WHAT YOU NEED TO DO: Restate word for word the lines below from the one that has "Fixprice, сеть супермаркетов" through the one that has "Warm Cup Of", keeping both and dropping all pictures.

SUPPLIED RECORDS:
--------
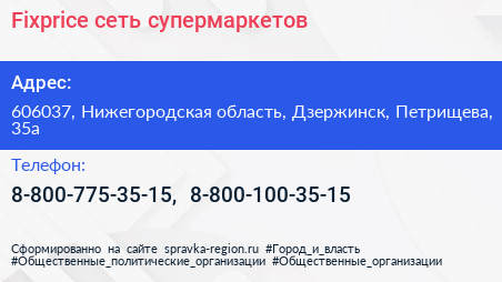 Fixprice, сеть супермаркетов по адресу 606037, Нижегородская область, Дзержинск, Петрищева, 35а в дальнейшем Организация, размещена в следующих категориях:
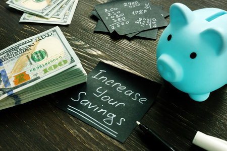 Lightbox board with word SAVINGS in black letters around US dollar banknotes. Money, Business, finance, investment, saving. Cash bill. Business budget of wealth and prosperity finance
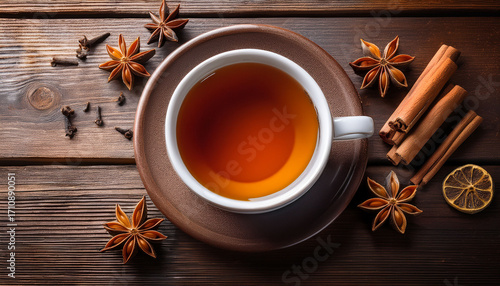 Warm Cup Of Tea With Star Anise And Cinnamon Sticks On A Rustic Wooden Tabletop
--------
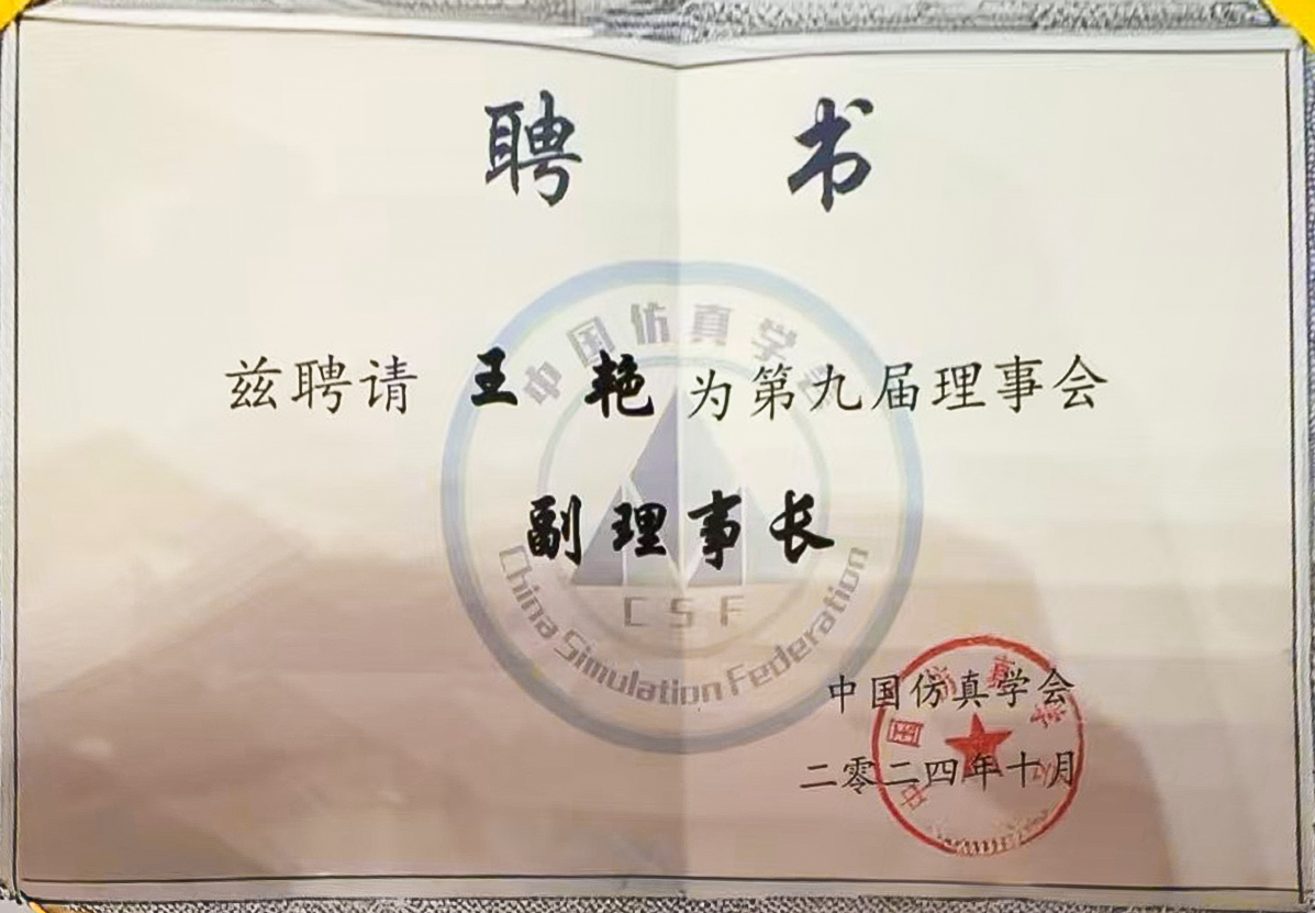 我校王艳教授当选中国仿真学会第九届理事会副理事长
--------
OUTPUT:
 Fixprice, сеть супермаркетов по адресу 606037, Нижегородская область, Дзержинск, Петрищева, 35а в дальнейшем Организация, размещена в следующих категориях:
 Lightbox board with word SAVINGS in black letters around US dollar banknotes. Money, Business, finance, investment, saving. Cash bill. Business budget of wealth and prosperity finance
 Warm Cup Of Tea With Star Anise And Cinnamon Sticks On A Rustic Wooden Tabletop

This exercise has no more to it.